- Task to carry out -
Would you mind restating all of the records word for word, skipping the pictures?

============

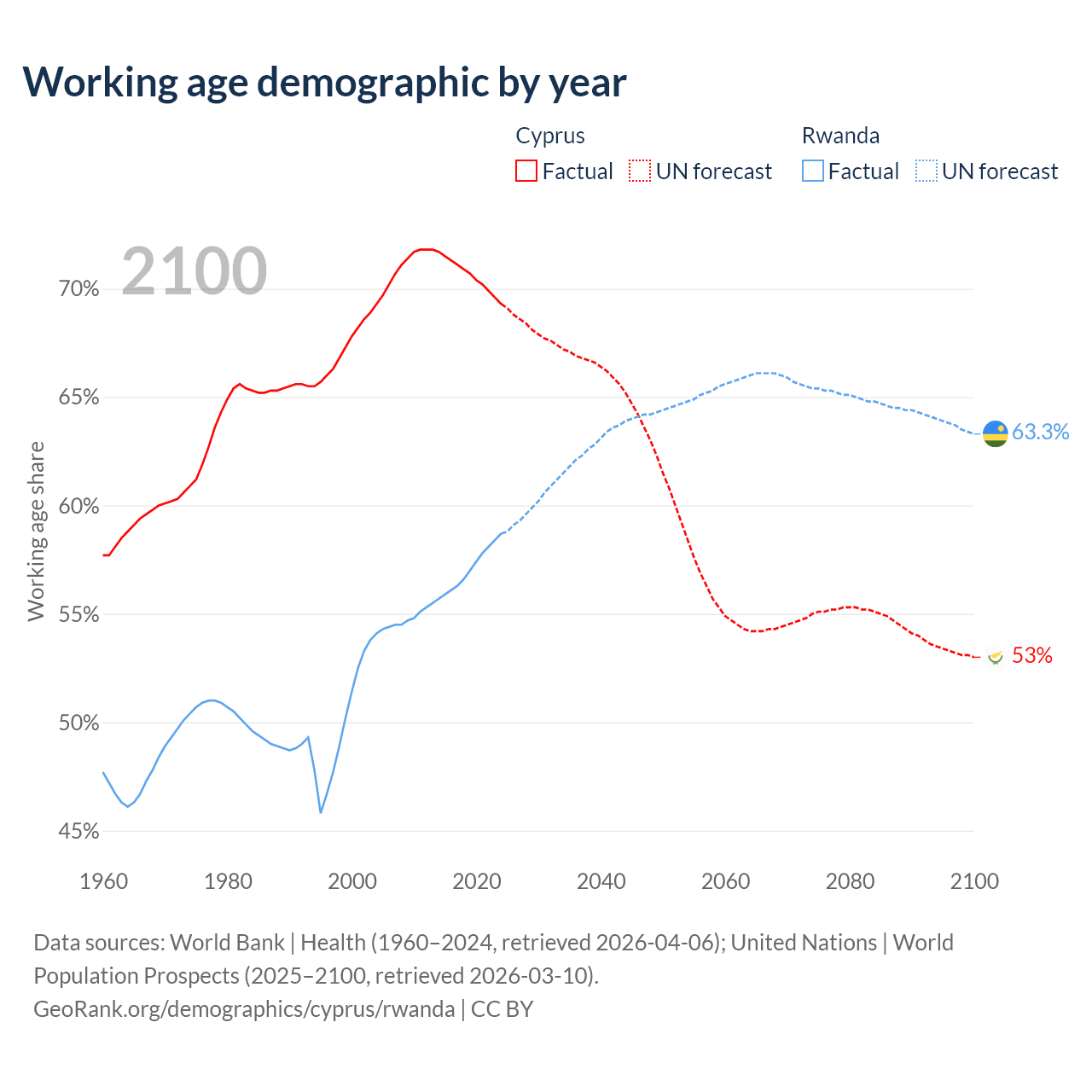 - Cyprus has 961K working age adults (aged 15-64) vs 8.79M in Rwanda.
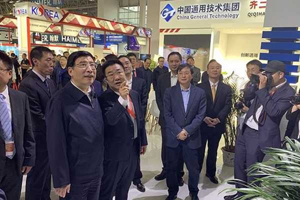 4月15日,第十六届中国国际机床展览会(CIMT2019)在北京中国国际展览中心隆重开幕。中国通用技术集团齐二机床公司携自主研发的高端数控机床FA-130型数控高速落地铣镗床及CZK5116?10/8数控车钻复合机床在展会盛装亮相,凭借其先进的性能、华丽的外观受到国内外用户的广泛关注。展会期间,国家工信部部长苗圩,集团董事长许宪平,集团总经理陆益民,集团副总经理、总会计师李晓春,集团副总经理王旭升,原中国机床工具工业协会会长吴柏林莅临齐二机床公司展位视察。
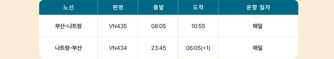 부산 - 나트랑 운항 스케줄
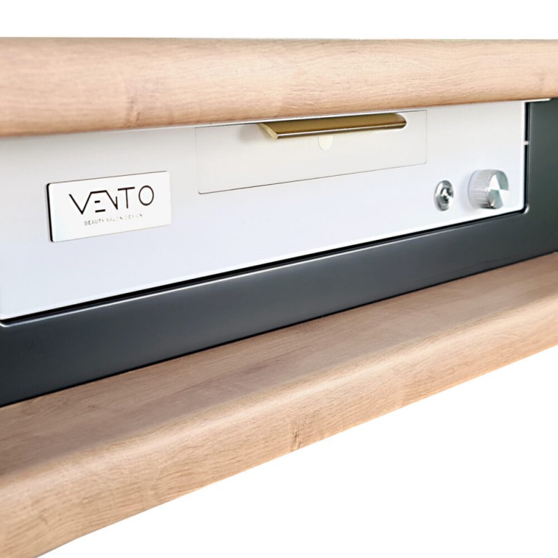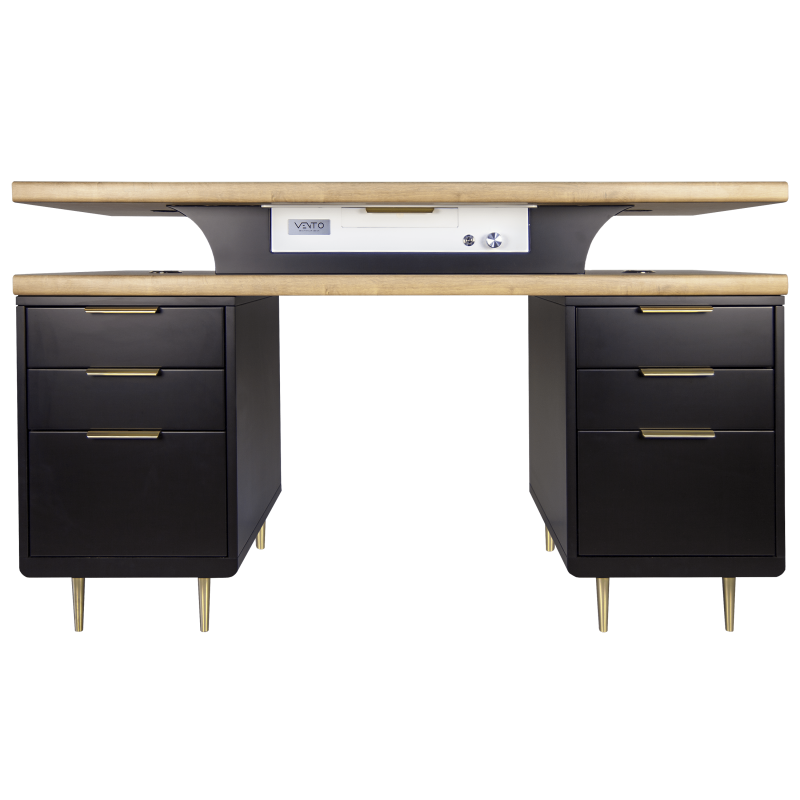 Biurko Black Cavier z pochłaniaczem pyłu VENTO PRO PLUS to połączenie lakierowanych powierzchni w kolorze czarnym – ze złotymi uchwytami oraz najmodniejszymi nóżkami. Dodatkowym atutem jest elegancka maskownica pochłaniacza od strony stylisty jak i klientki. Całość dopełnia motyw drewna w postaci dwóch blatów.
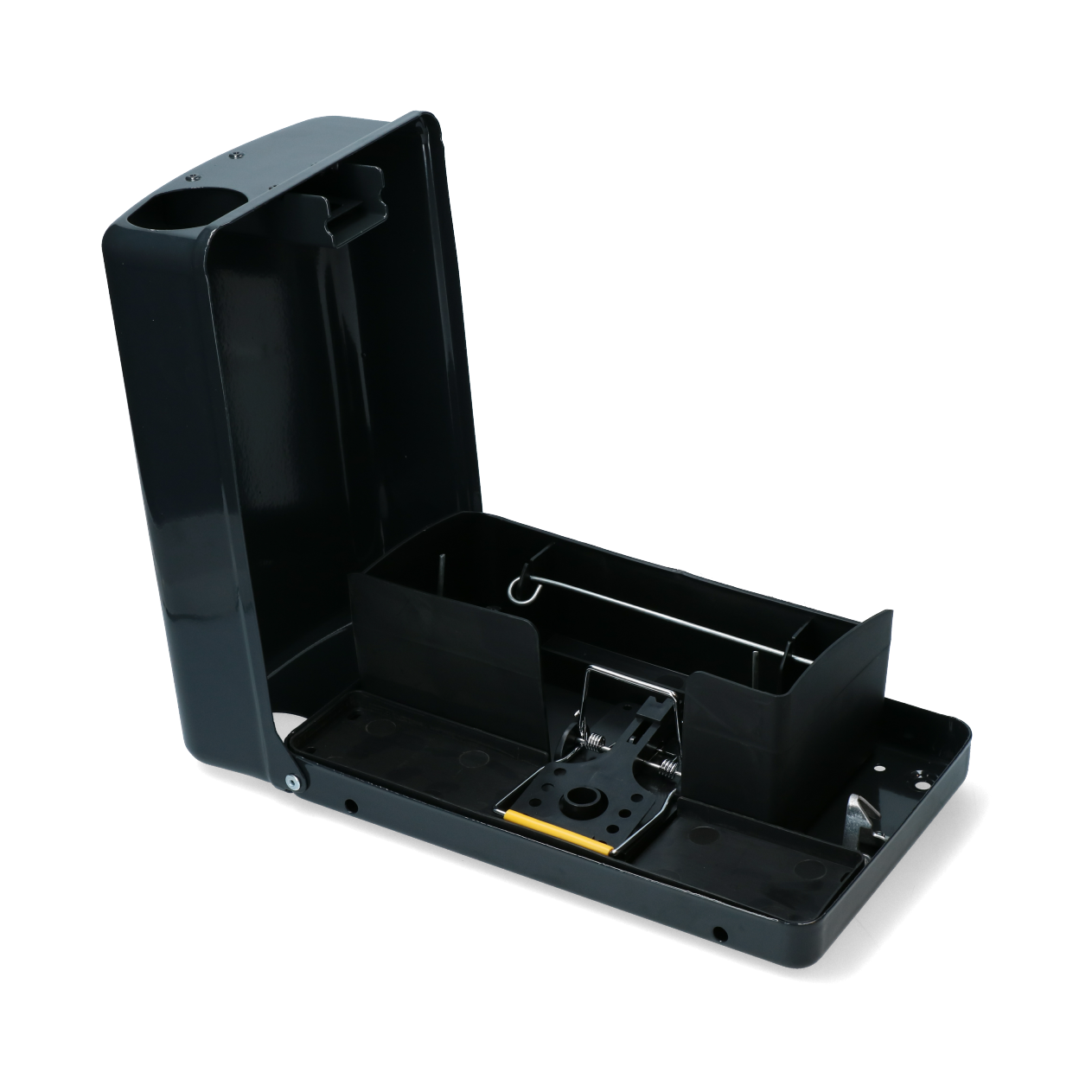 Robuuste metalen rattenvoerdoos. VR staat voor Vandal Resistant ofwel vandalismebestendig en hierdoor is de Ultrabait inzetbaar op plaatsen waar de kans op schade aan een kunststof voerdoos reëel aanwezig is. De voerdoos heeft een naadloos gegalvaniseerde behuizing met coating voor hoge weersbestendigheid. Voorzien van een sterk metalen, gelijksluitend slot en het scharnierende deksel geeft eenvoudig toegang tot het kunststof interieur. In de onderzijde van de voerdoos zijn bevestigingspunten aanwezig waarmee de voerdoos, eventueel met behulp van een bevestigingsset, kan worden vastgezet.
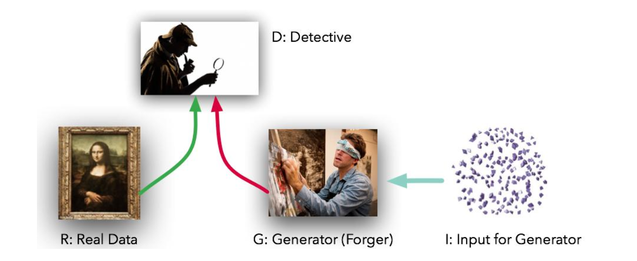 - 생성 모델 : 위조지폐를 만드는 팀이다.
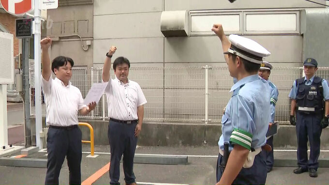 福岡市中央区大名にあるコインパーキングでは31日午前、警察官が見守る中、駐車場管理会社の社員が飲酒運転の通報を呼びかけるステッカーを貼り付けました。この取り組みは、今月25日から31日までの福岡県の「飲酒運転撲滅週間」にあわせて警察と8社の駐車場管理会社が協力して実施しているものです。
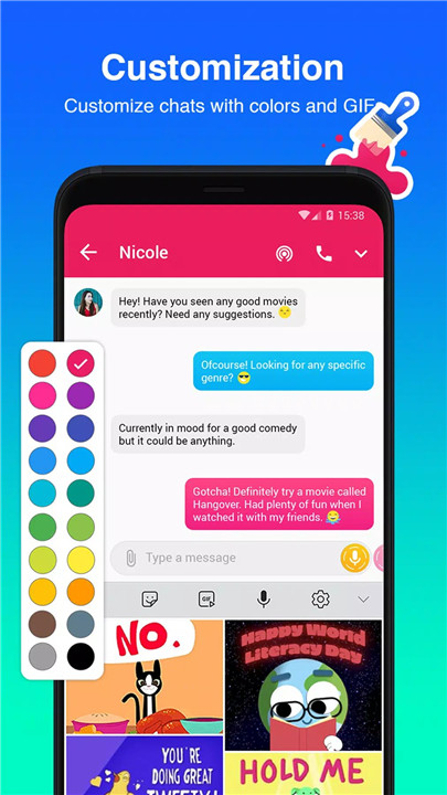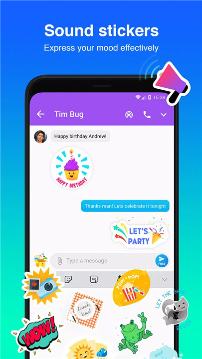 Express yourself with sound stickers, GIFs, and emojis. Personalize your chats by selecting different colors or using your favorite photos as backgrounds. You can even choose unique notification sounds for each chat!

============

- Expected answer -
 - Cyprus has 961K working age adults (aged 15-64) vs 8.79M in Rwanda.
 4月15日,第十六届中国国际机床展览会(CIMT2019)在北京中国国际展览中心隆重开幕。中国通用技术集团齐二机床公司携自主研发的高端数控机床FA-130型数控高速落地铣镗床及CZK5116?10/8数控车钻复合机床在展会盛装亮相,凭借其先进的性能、华丽的外观受到国内外用户的广泛关注。展会期间,国家工信部部长苗圩,集团董事长许宪平,集团总经理陆益民,集团副总经理、总会计师李晓春,集团副总经理王旭升,原中国机床工具工业协会会长吴柏林莅临齐二机床公司展位视察。
 부산 - 나트랑 운항 스케줄
 Biurko Black Cavier z pochłaniaczem pyłu VENTO PRO PLUS to połączenie lakierowanych powierzchni w kolorze czarnym – ze złotymi uchwytami oraz najmodniejszymi nóżkami. Dodatkowym atutem jest elegancka maskownica pochłaniacza od strony stylisty jak i klientki. Całość dopełnia motyw drewna w postaci dwóch blatów.
 Robuuste metalen rattenvoerdoos. VR staat voor Vandal Resistant ofwel vandalismebestendig en hierdoor is de Ultrabait inzetbaar op plaatsen waar de kans op schade aan een kunststof voerdoos reëel aanwezig is. De voerdoos heeft een naadloos gegalvaniseerde behuizing met coating voor hoge weersbestendigheid. Voorzien van een sterk metalen, gelijksluitend slot en het scharnierende deksel geeft eenvoudig toegang tot het kunststof interieur. In de onderzijde van de voerdoos zijn bevestigingspunten aanwezig waarmee de voerdoos, eventueel met behulp van een bevestigingsset, kan worden vastgezet.
 - 생성 모델 : 위조지폐를 만드는 팀이다.
 福岡市中央区大名にあるコインパーキングでは31日午前、警察官が見守る中、駐車場管理会社の社員が飲酒運転の通報を呼びかけるステッカーを貼り付けました。この取り組みは、今月25日から31日までの福岡県の「飲酒運転撲滅週間」にあわせて警察と8社の駐車場管理会社が協力して実施しているものです。
 Express yourself with sound stickers, GIFs, and emojis. Personalize your chats by selecting different colors or using your favorite photos as backgrounds. You can even choose unique notification sounds for each chat!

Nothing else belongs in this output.